Atom 1.1 Is Out, With Lots of Graphic Improvements (blog.atom.io)
yathosho writes with some good news for GitHub developers: GitHub's new Atom editor sees a first big update in version 1.1. Character measurement has been improved, fonts with ligatures and variable width fonts are now supported. The biggest new feature is probably live Markdown preview, matching the current theme. There's also a 1.2.0 beta available, for those who want to have a look into Atom's future.
Yeah, lame product that's not open source.

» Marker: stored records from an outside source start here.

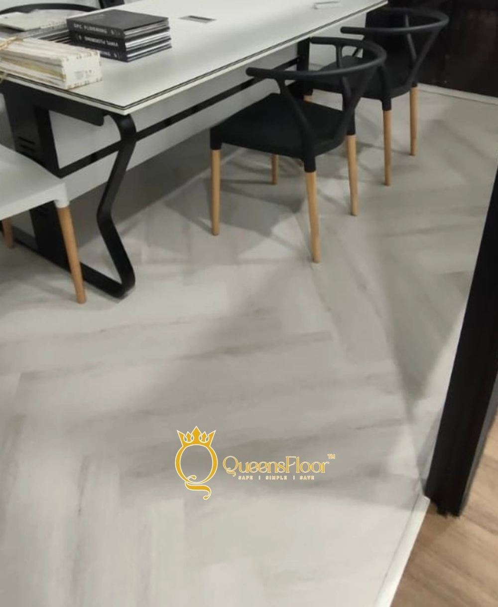 Ideal for commercial interiors and cozy residential spaces, QueensFloor’s LVT options include classic and herringbone designs, along with waterproof surfaces that are perfect for wet zones like bathrooms and kitchens.
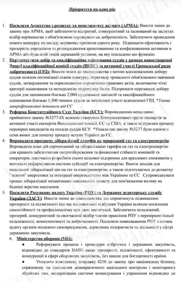 Білий дім оприлюднив листа із реформами, які мусить зробити влада України для отримання допомоги
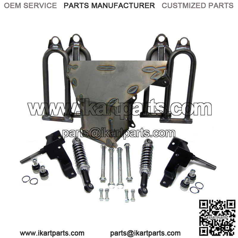 This is a front end assembly for the Spiderbox series go karts from . This complete front end was used on early Spiderbox models, that have a bronze bushing and sleeve in the a-arms. The center box is drilled to utilize a 1/2″ bolt.
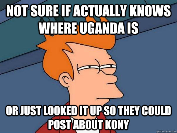 Not sure if actually knows where uganda is Or just looked it up so they could post about kony
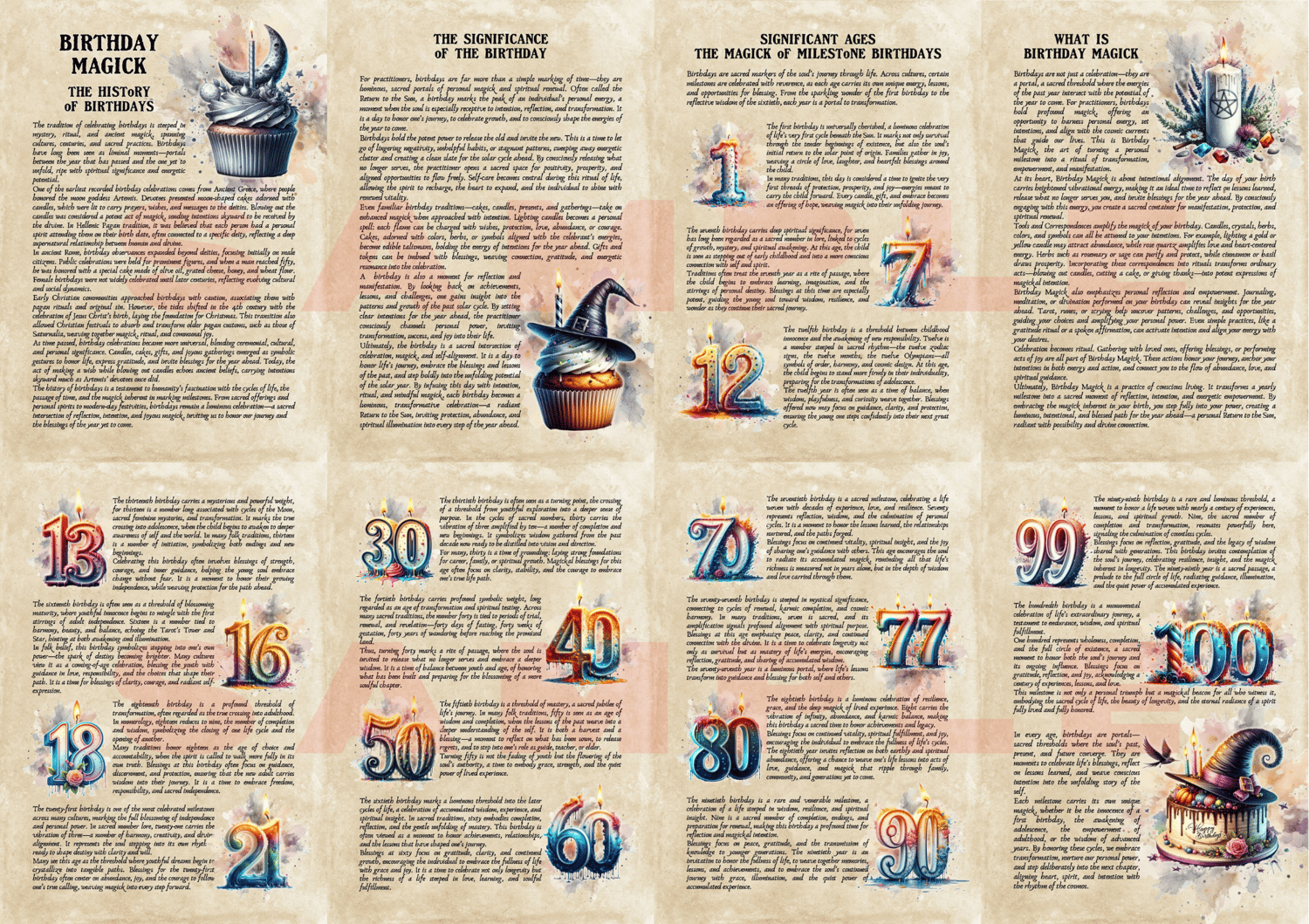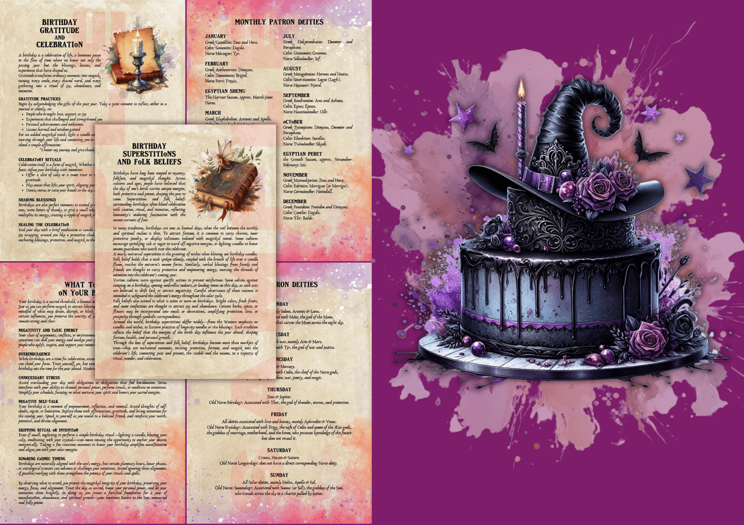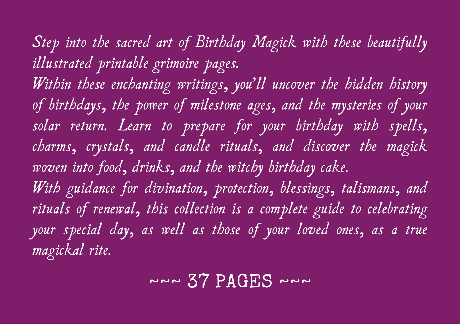 Step into the sacred art of Birthday Magick with these beautifully illustrated printable grimoire pages.

Here are some the features they are touting for the latest release, see which ones of these make you want to pay for a closed-source editor:
* Reduced GC Pauses When Scrolling Editor
* Using Variable Width Fonts
* New Approach to Character Measurement
* Several Find and Replace Fixes
* Settings Have Nice Descriptions
They're not really selling me on it. Incidentally, when I read the headline, I thought it meant that Intel's Atom processor had been given a GPU.
"First they came for the slanderers and i said nothing."
I can't comment on Atom (or Xcode, for that matter).
I can comment on UNIX-based editors and IDEs, though.
There's Eclipse's C/C++ module. It runs fine on Linux.
Emacs might suit your needs as well, but getting it set up with all the bells and whistles of an IDE is a bit of a pain. There are projects that help with that, however, like spacemacs (defaults to vi keybindings, but supports emacs keybindings as well). I use emacs with a custom config, but I haven't done much C++ since I switched from vim. What I have done has worked OK, but I'm sure my config has room for improvement.
QT Creator is cross platform and supports C++. It can do non-QT projects just fine.
There's Anjuta and KDevelop as well, but I haven't used either of those in quite some time and have no idea what the status is. KDevelop used to be used quite a bit for KDE development, which is C++.
Those who can't do, teach. Those who can't teach either, do tech support.
wtf is atom?
A somewhat rudimentary slashvertised text editor that reports what you're doing back to Google.
GitHub co-founder Tom Preston-Werner specifies, only "Atom core" code will be closed source, while "all the existing MIT-licensed repos under the Atom org will remain so forever." The reasons are purely commercial, as he notes: "Atom won't be closed source, but it won't be open source either. It will be somewhere in-between, making it easy for us to charge for Atom while still making the source available under a restrictive license so you can see how everything works."
Keep your wallets handy, peeps.
The whole was open-sourced in May 2014!